Entscheidend in den Monaten nach der Krise sei angesichts der steigenden Arbeitslosenzahlen "die Sicherheit des Wirtschaftsstandorts Österreich als Tourismus- und Exportland". Dezidiertes Ziel ist es, "Österreich als sichere Tourismusdestination zu etablieren" und "mit den Außenwirtschaftscentern noch enger zu kooperieren. Im Frühjahr haben wir den Tausenden gestrandeten Österreichern im Ausland geholfen. Jetzt müssen wir den Österreichern im Inland helfen, damit ihre Arbeitsplätze erhalten bleiben."
"Müssen uns auf magere Jahre einstellen"
In Österreich selbst soll die Arbeit der Botschafter zudem sicht- und spürbarer werden. Aus einem triftigen Grund: Vom verbesserten Budget (51,2 Millionen Euro, davon 38,5 Millionen für humanitäre und Entwicklungshilfe) profitiert das Ministerium auch intern. 7,7 Millionen Euro werden in die IT-Ausstattung investiert (Anfang 2020 gab es eine Cyber-Attacke auf das BMEIA), fünf Millionen in den Sicherheitsbereich der Vertretungen.
"Diplomacy is about surviving until the next century. Politics is about surviving until next Friday"

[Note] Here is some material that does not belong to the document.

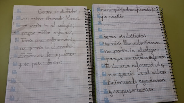Cuando ya todos hemos dictado y nos han dictado, nos intercambiamos los papeles y cada uno, con un boli en la mano corrigen el dictado de su compañero con el modelo suyo correcto, esto les encanta!!

"Im Zuge der Repatriierung haben wir bewiesen, dass unser Netzwerk an Botschaften und Konsulaten kein Luxus, sondern eine Lebensversicherung für die Österreicher ist", sagt der Außenminister während der BOKO. Diese "innenpolitische Relevanz müssen wir beibehalten und ausbauen. Jeder Steuerzahler muss wissen, wofür die Vertretungsbehörden finanziert werden, was sie tagtäglich tun und leisten." Langfristig müsse man sich auf "magere Jahre einstellen, denn das Budgetdefizit wird wieder abgetragen werden müsse" – und ein Ziel erreichen. "Diplomacy is about surviving until the next century. Politics is about surviving until next Friday", zitiert Schallenberg aus einer Serie "Yes, Prime Minister" und schließt "Wir brauchen in unserer Arbeit beides."